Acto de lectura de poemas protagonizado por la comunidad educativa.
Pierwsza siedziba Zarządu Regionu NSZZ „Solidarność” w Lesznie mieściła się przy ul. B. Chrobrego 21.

--

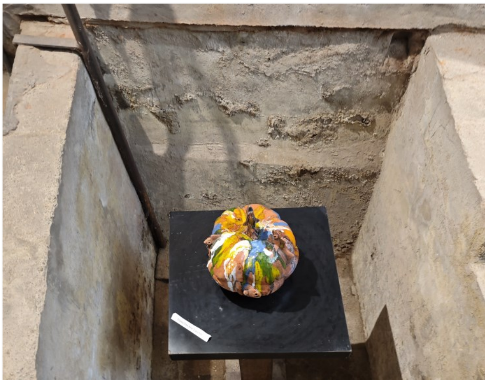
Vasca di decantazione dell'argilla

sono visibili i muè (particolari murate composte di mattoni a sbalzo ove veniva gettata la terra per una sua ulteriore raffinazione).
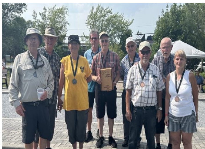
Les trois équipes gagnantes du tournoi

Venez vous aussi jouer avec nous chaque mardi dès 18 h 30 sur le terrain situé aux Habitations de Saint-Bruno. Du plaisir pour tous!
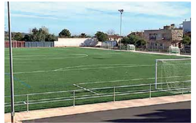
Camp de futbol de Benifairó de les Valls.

— Directions —
Look above for the line with "sono visibili i", then print it and each line after it down to and including the line with "Venez vous aussi". Leave out the pictures and keep the wording exact.

— Worked solution —
sono visibili i muè (particolari murate composte di mattoni a sbalzo ove veniva gettata la terra per una sua ulteriore raffinazione).
Les trois équipes gagnantes du tournoi

Venez vous aussi jouer avec nous chaque mardi dès 18 h 30 sur le terrain situé aux Habitations de Saint-Bruno. Du plaisir pour tous!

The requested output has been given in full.